Consequences:
Unintentional modification of data values can cause arbitrarily bad system behavior, even if only one bit is modified. Therefore, safety critical systems should take measures to prevent or detect such corruptions, consistent with the estimated risk of hardware-induced data corruption and anticipated software quality. Note that even best practices may not prevent corruption due to software concurrency defects.
Accepted Practices:
- When hardware data corruption may occur and automatic error correction is desired, use a hardware single error correction/multiple error detection circuitry (SECMED) form of Error Detection and Correction circuitry (EDAC), sometimes just called Error Correcting Code circuitry (ECC) for all bytes of RAM. This would protect against hardware memory corruption, including hardware corruption of operating system variables. However, it does not protect against software memory corruption.

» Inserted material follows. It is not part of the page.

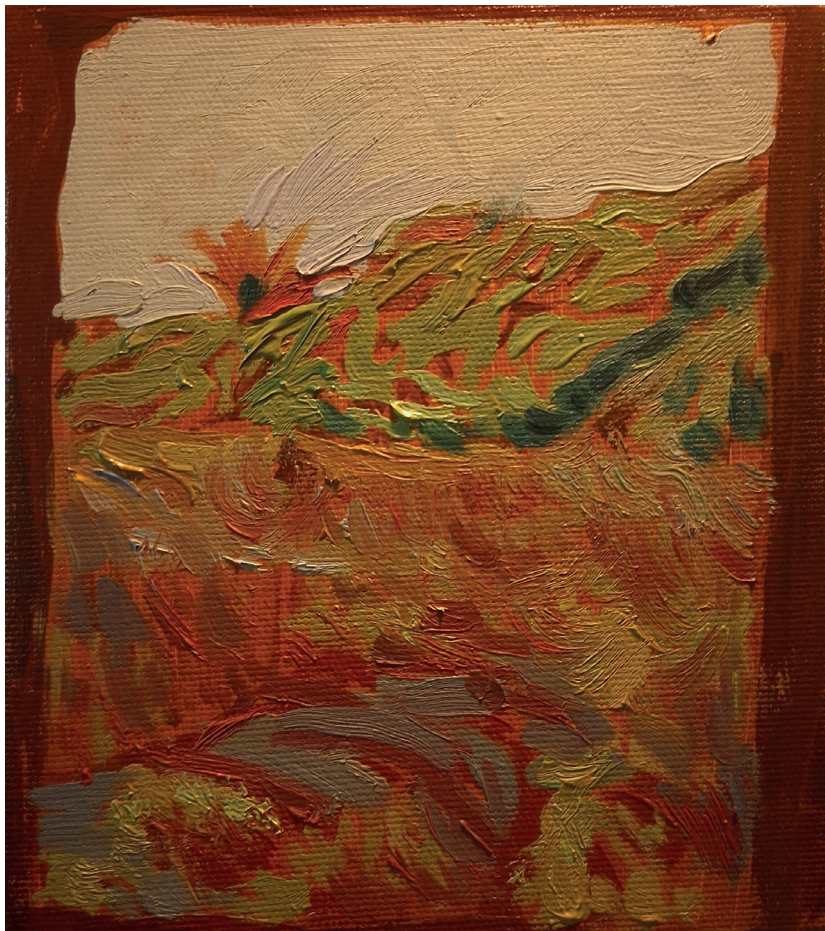
CHICO RIBEIRO Dragão de ferro #28, 2026 Óleo sobre tela 16cm x 14cm

- Use a software approach such as a cyclic redundancy code CRC (preferred), or checksum to detect a corrupted program image, and test for corruption at least when the system is booted.
- Use a software approach such as keeping redundant copies to detect software data corruption of RAM values.
- Use fault injection to test data corruption detection and correction mechanisms.
- Perform memory tests to ensure there are no hard faults.
Discussion:
Safety
critical systems must protect against data corruption to avoid small changes in
data which can render the system unsafe. Even a single bit in memory changing
in the wrong way could cause a system to change from being safe to unsafe. To
guard against this, various schemes for memory corruption detection and
prevention are used.
Effect of a bit flip (Source: http://dependablesystem.blogspot.com/2012/05/flip-happens.html)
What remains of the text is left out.